TASK DETAILS: Repeat the lines below exactly as written, please, from the line with "Vous offrant des" to the line with "Leather Quality Men's", both lines included, and no others.

DATA LISTING:
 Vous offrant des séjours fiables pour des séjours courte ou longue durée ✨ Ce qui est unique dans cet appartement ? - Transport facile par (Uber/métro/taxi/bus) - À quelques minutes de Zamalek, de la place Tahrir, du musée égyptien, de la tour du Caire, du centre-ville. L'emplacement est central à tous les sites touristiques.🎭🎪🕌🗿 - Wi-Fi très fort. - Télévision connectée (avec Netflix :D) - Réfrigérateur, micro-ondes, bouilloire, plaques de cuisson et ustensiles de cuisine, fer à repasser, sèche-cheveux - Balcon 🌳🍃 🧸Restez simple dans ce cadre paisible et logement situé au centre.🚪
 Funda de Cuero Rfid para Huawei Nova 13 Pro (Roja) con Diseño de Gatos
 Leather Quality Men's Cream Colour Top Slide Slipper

* * *

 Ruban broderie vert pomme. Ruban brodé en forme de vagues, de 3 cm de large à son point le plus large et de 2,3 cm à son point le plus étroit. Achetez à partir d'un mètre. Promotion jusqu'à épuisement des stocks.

RESULT OF THE EXERCISE:
 Vous offrant des séjours fiables pour des séjours courte ou longue durée ✨ Ce qui est unique dans cet appartement ? - Transport facile par (Uber/métro/taxi/bus) - À quelques minutes de Zamalek, de la place Tahrir, du musée égyptien, de la tour du Caire, du centre-ville. L'emplacement est central à tous les sites touristiques.🎭🎪🕌🗿 - Wi-Fi très fort. - Télévision connectée (avec Netflix :D) - Réfrigérateur, micro-ondes, bouilloire, plaques de cuisson et ustensiles de cuisine, fer à repasser, sèche-cheveux - Balcon 🌳🍃 🧸Restez simple dans ce cadre paisible et logement situé au centre.🚪
 Funda de Cuero Rfid para Huawei Nova 13 Pro (Roja) con Diseño de Gatos
 Leather Quality Men's Cream Colour Top Slide Slipper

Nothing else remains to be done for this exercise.